Between those two options is a third: have W3C run a mailing list and/or wiki page and require that all extension creators discuss their work their in advance, as part of claiming some syntax.

Con:

Potential for problems if disputes arise. (Might end up being expensive for W3C and participants in any relevant WG.)
Keeps W3C in the critical path

2.1.4. Independent Namespace Authorities

(Also called URI-based extensibility)

The last option is to use the namespace URIs as a point of coordination. This is equivalent to options 2 or 3 for W3C namespaces, but allows anyone else to mint a namespace URI and use it for their extension. Then they would not need to coordinate with W3C on their extension.
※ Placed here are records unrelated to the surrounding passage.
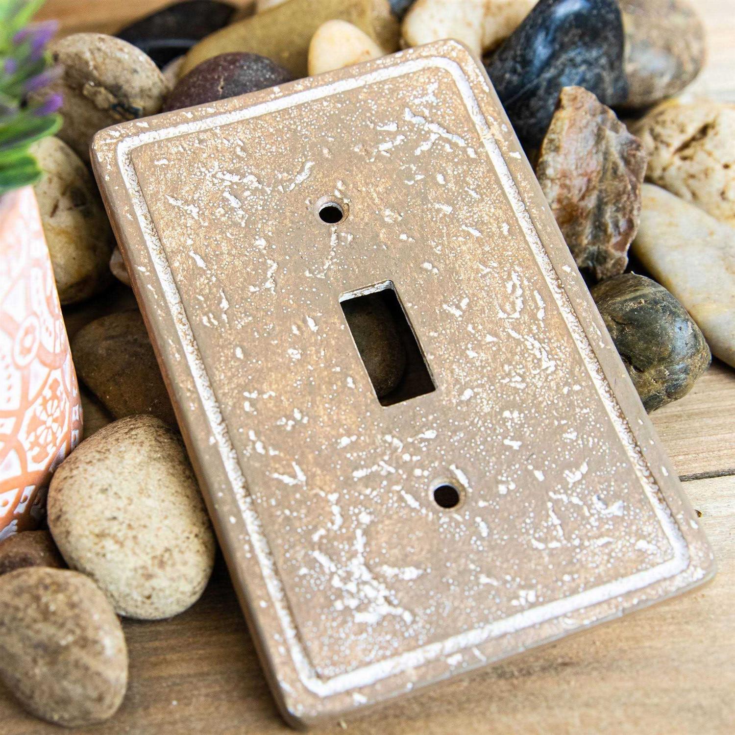 Amerelle 8345da Faux Slate Resin Wallplate, 1 Duplex, Almond
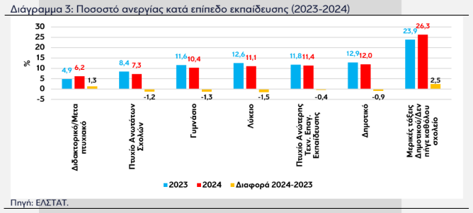 Σε σχέση με το επίπεδο εκπαίδευσης, η ισχυρότερη μείωση εντοπίζεται στα άτομα με Απολυτήριο Λυκείου (-1,5 π.μ., στο 11,1%) και στα άτομα με απολυτήριο Γυμνασίου (-1,3 π.μ., στο 10,4%). Στα άτομα με Διδακτορικό/Μεταπτυχιακό τίτλο – που διαχρονικά παρουσιάζουν τα χαμηλότερα ποσοστά ανεργίας – και στα άτομα που παρακολούθησαν Μερικές τάξεις Δημοτικού/Δεν πήγαν καθόλου σχολείο – που διαχρονικά παρουσιάζουν τα υψηλότερα ποσοστά ανεργίας – το αντίστοιχο ποσοστό παρουσίασε την υψηλότερη αύξηση, ανερχόμενο στο 6,2% (από 4,9%, +1,3 π.μ.) και στο 26,3% (από 23,9%, +2,5 π.μ.).
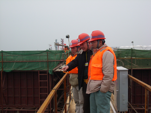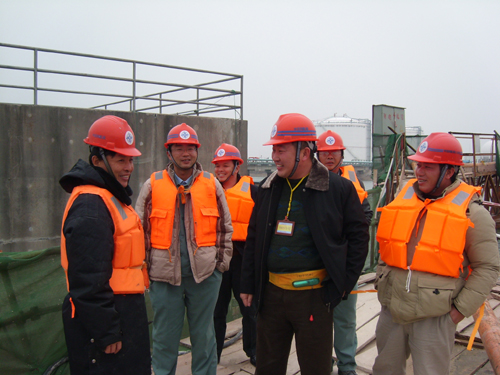 春節(jié)期間,四航局董事長梁卓仁在三公司副總經(jīng)理秦慶生的陪同下,冒著陣陣寒風(fēng)來到了欽州中石油10萬噸級碼頭工地,親切慰問春節(jié)期間堅(jiān)守在工地施工的所有員工。梁董事長還登上"防城港"號浮船塢及粵工拖"41"號等船組,拜訪業(yè)主并與業(yè)主領(lǐng)導(dǎo)進(jìn)行了親切地交談。
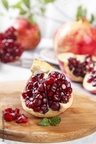 Fresh Pomegranate with Ruby Seeds and White Pulp on Wooden Board - Healthy Exotic Fruit
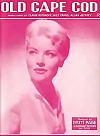 "Old Cape Cod" is a song written by Claire Rothrock, Milton Yakus and Allan Jeffrey that was published in 1957. The single, as recorded by Patti Page, became a gold record, having sold more than a million copies. Hailed by Cape Cod natives as the "unofficial Cape Cod Anthem, if ever there was one,"[1] the song has been credited with "putting the Cape on the map" and helping to establish Cape Cod as a major tourist destination.[2]
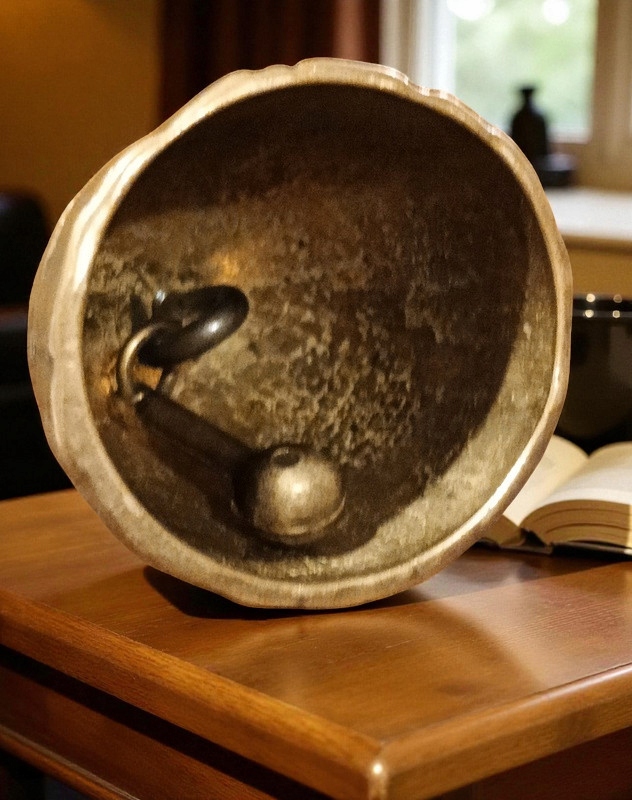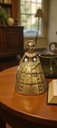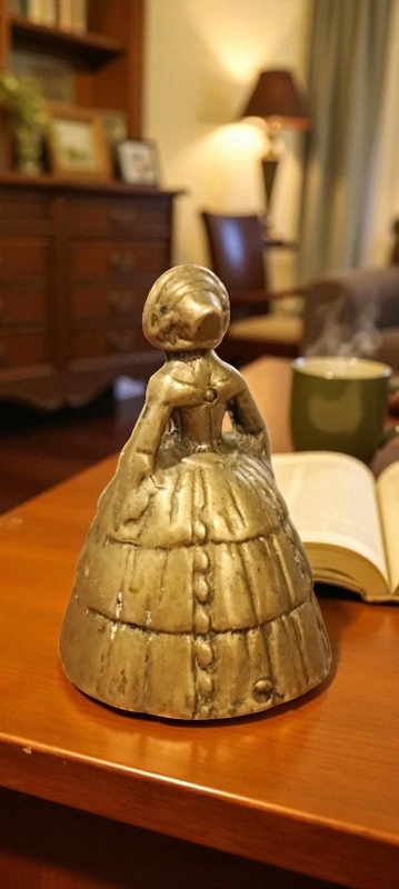 Ręczny dzwonek jak za dawnych lat który to oznajmiał początek i koniec przerwy. Nieodzowny atrybut poczciwego woźnego. Ten rozmiarami jest mniejszy i formą inny. Przedstawia szlachciankę a w części sukni jest kielich dzwonka. Wykonany z mosiądzu - stan bardzo dobry.
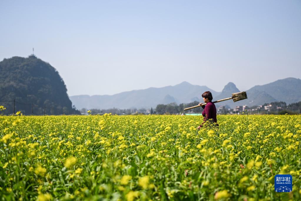 1月30日,在廣西興業(yè)縣石南鎮的一處農田里,當地群眾扛著(zhù)農具準備下地勞作。

They should, however, be required to provide for people extending their work. That is, available via the namespace URI there should be some sort of registry, informal or not, which allows users wishing to build beyond their extension to coordinate their syntaxes.

Con:

More complicated

2.2. Random Questions

Does every syntactic element bless by RIF-WG go in one w3.org namespace, multiple w3.org namespaces, or can some of them be in non-w3.org namespaces?

implies: Do user extensions have to change namespaces if they become part of a W3C recommendation?
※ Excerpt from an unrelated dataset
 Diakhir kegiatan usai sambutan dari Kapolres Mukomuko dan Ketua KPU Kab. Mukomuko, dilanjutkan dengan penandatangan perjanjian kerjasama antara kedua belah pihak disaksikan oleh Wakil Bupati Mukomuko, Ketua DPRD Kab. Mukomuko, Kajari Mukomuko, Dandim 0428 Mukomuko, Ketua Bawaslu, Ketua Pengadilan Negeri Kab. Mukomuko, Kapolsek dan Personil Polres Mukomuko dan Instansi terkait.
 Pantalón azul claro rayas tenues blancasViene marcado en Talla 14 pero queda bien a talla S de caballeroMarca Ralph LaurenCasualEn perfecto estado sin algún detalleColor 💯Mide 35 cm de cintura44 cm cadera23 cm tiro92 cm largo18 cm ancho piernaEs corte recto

Do we ever allow invisible extensions?

How do you know when extensions are compatible?

Do people ever need to specify dialects, or can they just specify extensions from a null core? Maybe BLD is a package of 6 extensions? Or maybe it's just one extension? Is that a useful concept?

Do we recommend/allow/forbid document-level flags to change the meaning of syntactic elements? e-mail.

3. Fallback Procedures

3.1. Choice: What Fallback Mechanisms Are Mandated?
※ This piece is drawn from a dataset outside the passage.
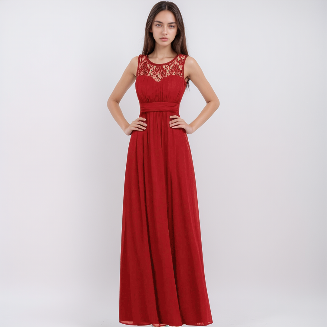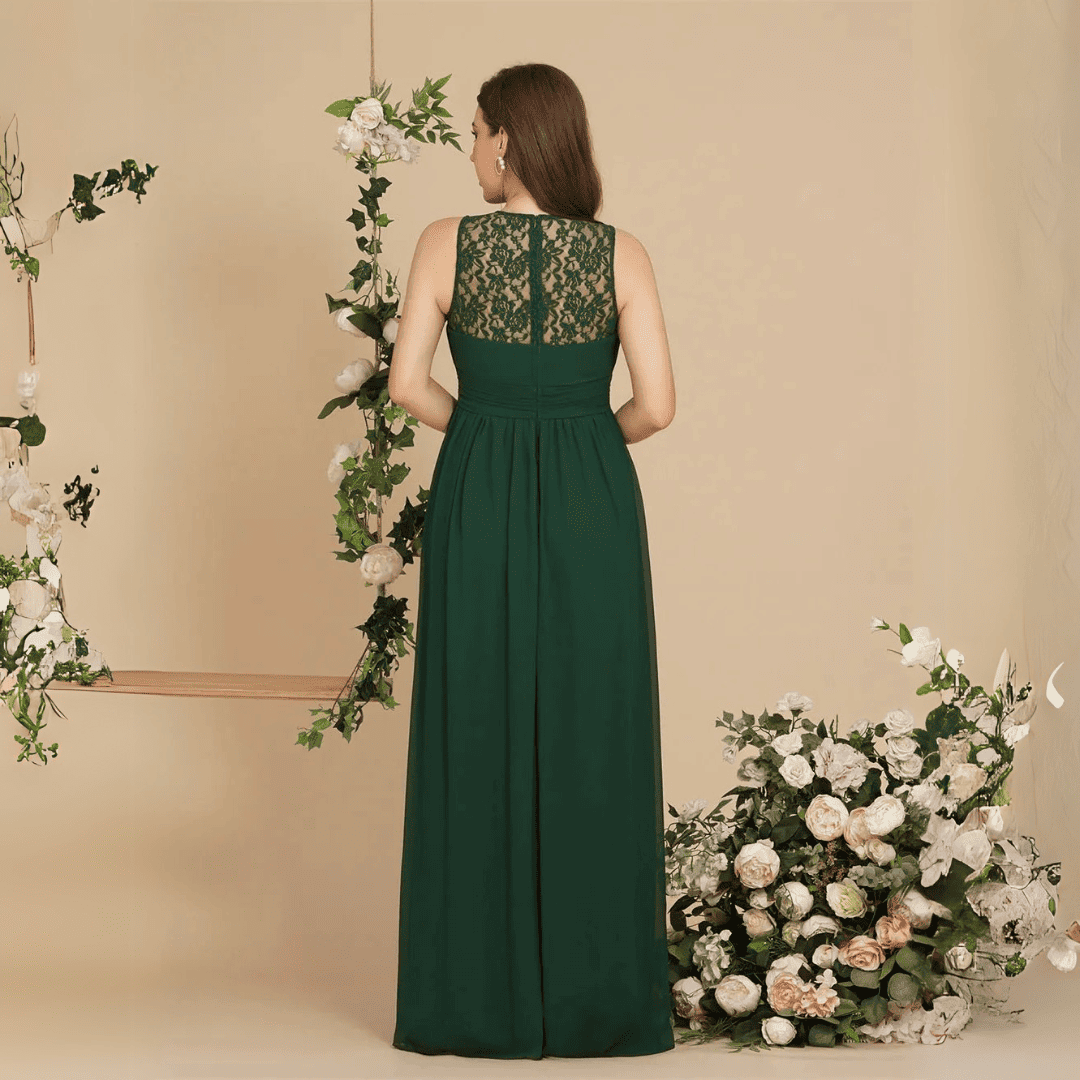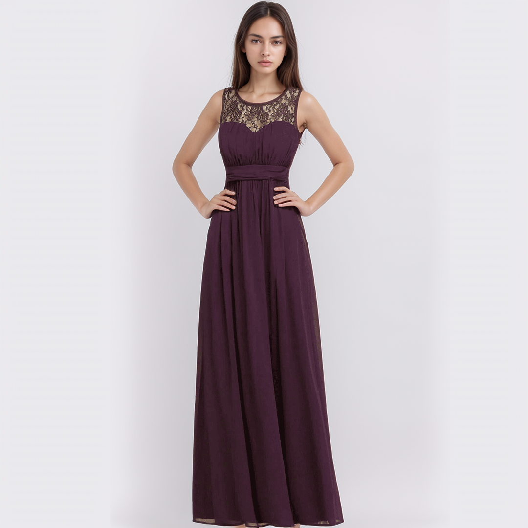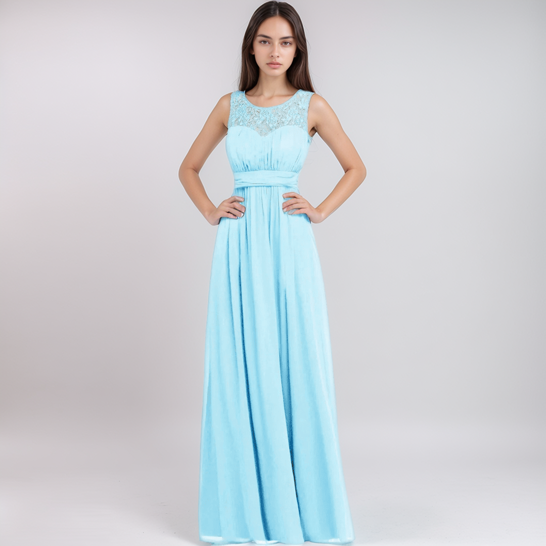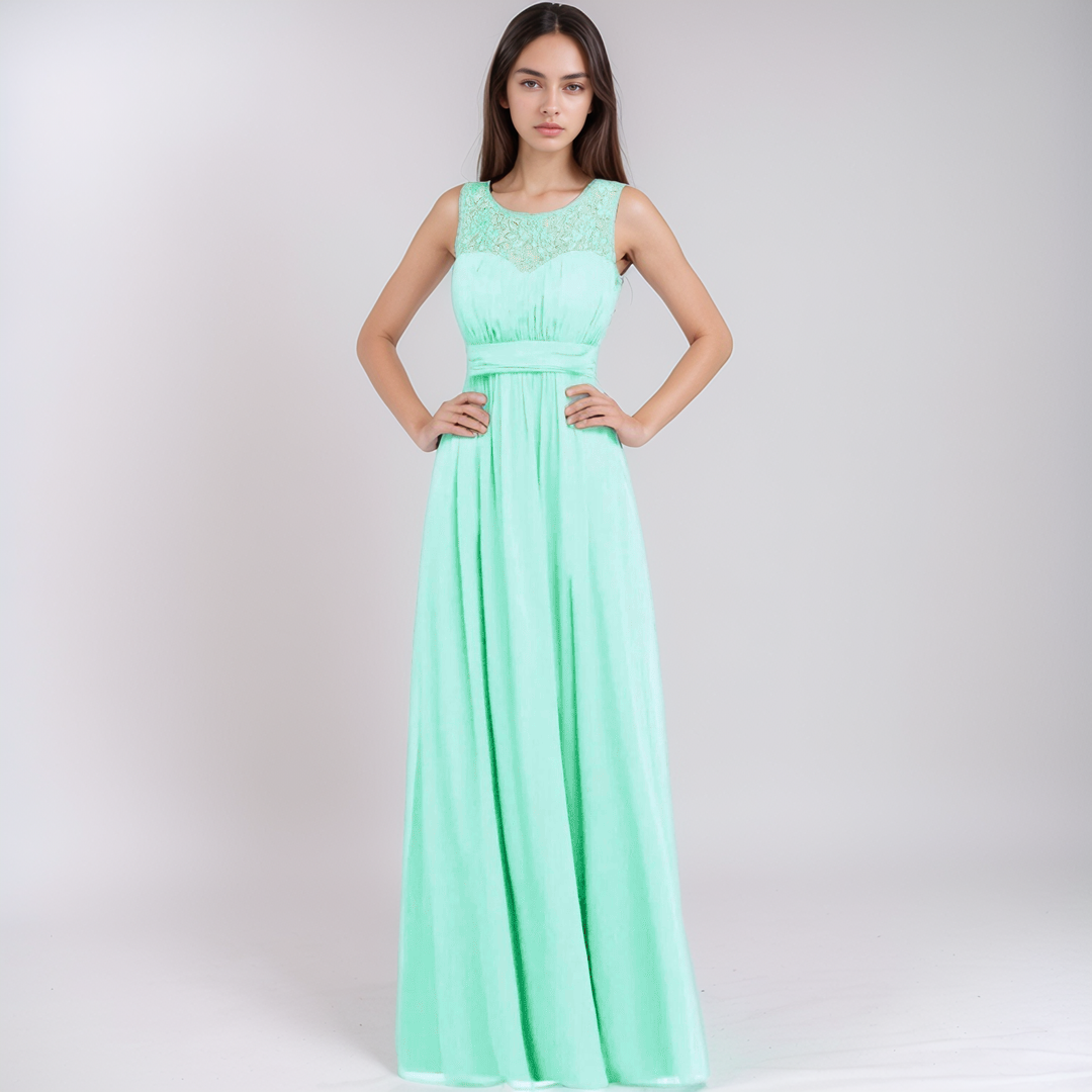 Zachwyć wszystkich w dniu swojego ślubu dzięki tej eleganckiej koronkowej sukni ślubnej o klasycznym kroju A-line. Wykonana z delikatnego szyfonu, z romantycznym dekoltem O i subtelnymi marszczeniami, ta sukienka podkreśla kobiecą sylwetkę, zapewniając jednocześnie komfort i swobodę ruchów. Idealna na wyjątkowe chwile w Twoim życiu.

If a system receives a document which does not conform to the syntax of any dialect it implements, what should it do?

3.1.1. Trim To Fit

The simplest fallback procedure is to ignore XML subtrees which fall outside the grammar of some implemented dialect.

Pro:

Very simple to implement
Needs no information about the extensions or dialects used to do the fallback (but still does for Impact)

Con:

May fall back very far, making huge changes to document

3.1.2. Incremental Trim To Fit

A variation on Trim-to-Fit is to recursively replace the roots out-of-grammar subtrees with their content, potentially encountering some usable in-grammar elements. This is the approach famously taken by HTML.

Same Pros/Cons as Trim-to-Fit. Determining which approach would be better for RIF will require analysis of actual extension syntaxes.

3.1.3. Fixed Substitution in Fallback Data

There can be some fixed text to be substituted for particular branches of the extended syntax.

3.1.4. Fixed Substitution in Instance Data

The document itself, at the point of using an extension, might include alternative text to use if the extension is not known. Somewhat HTML's [http://www.w3.org/TR/html401/struct/objects.html#h-13.3 <object>] specification, which says that if you can't render the object, you should try to render the provided content in its place.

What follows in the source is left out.